**Given data**.
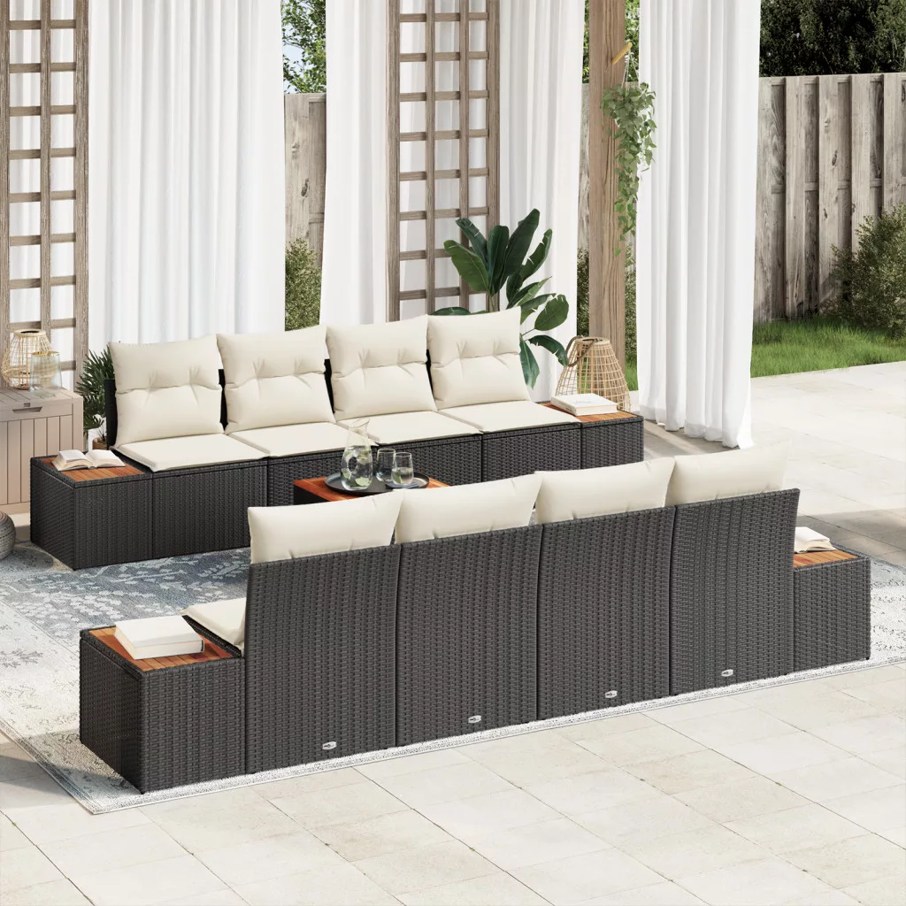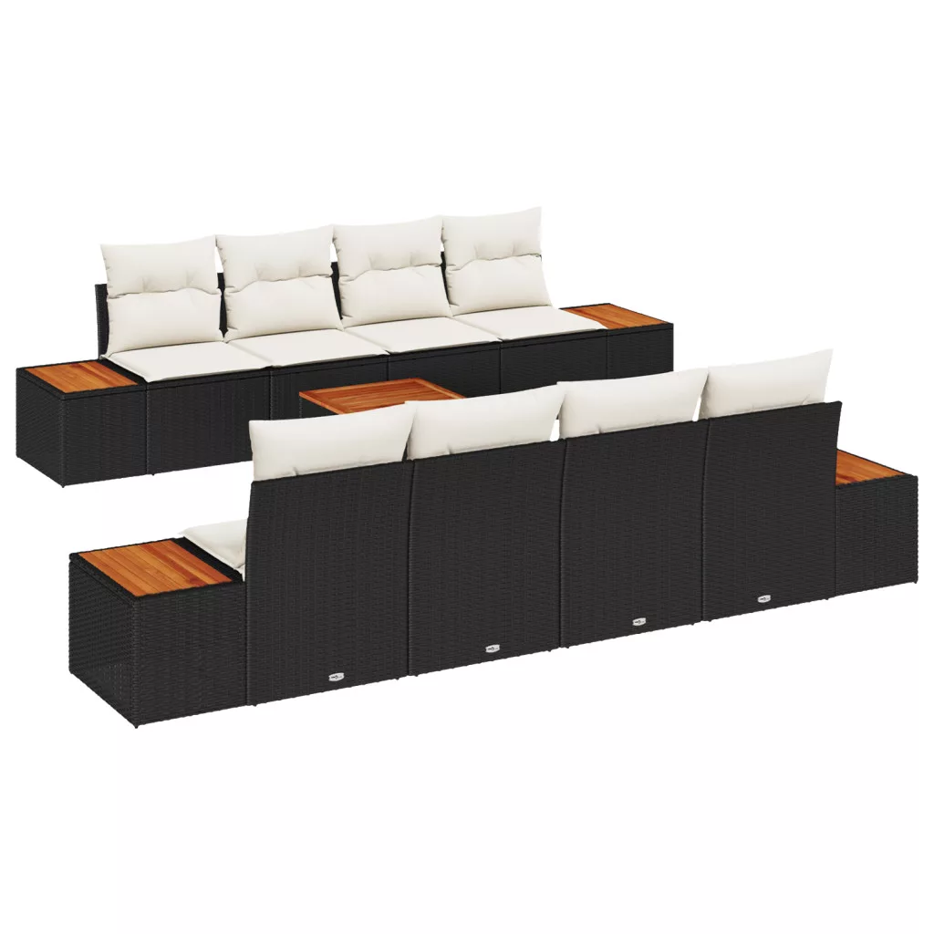 9 Darabos Kert Kanapé Szett Párnákkal Fekete Poli Rattan Akácia
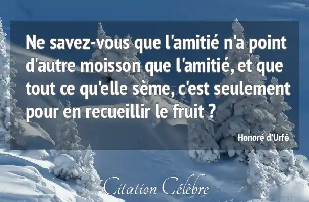 Ne savez-vous que l'amitié n'a point d'autre moisson que l'amitié, et que tout ce qu'elle sème, c'est seulement pour en recueillir le fruit ?
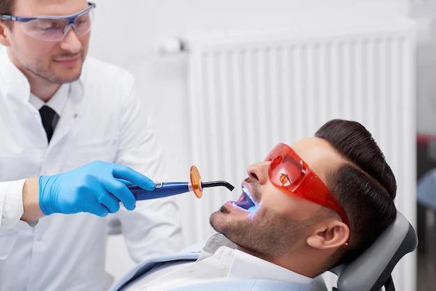 On the day of your treatment, you will come into the office and have a gel applied to your teeth. This gel contains hydrogen peroxide, which is what bleaches your teeth. Your dentist will then place you under a special light that activates the gel and helps it penetrate your teeth.

**Directions for this task**. What is needed is a word-for-word copy of the data above, free of any images.

**Result for this exercise**.
 9 Darabos Kert Kanapé Szett Párnákkal Fekete Poli Rattan Akácia
 Ne savez-vous que l'amitié n'a point d'autre moisson que l'amitié, et que tout ce qu'elle sème, c'est seulement pour en recueillir le fruit ?
 On the day of your treatment, you will come into the office and have a gel applied to your teeth. This gel contains hydrogen peroxide, which is what bleaches your teeth. Your dentist will then place you under a special light that activates the gel and helps it penetrate your teeth.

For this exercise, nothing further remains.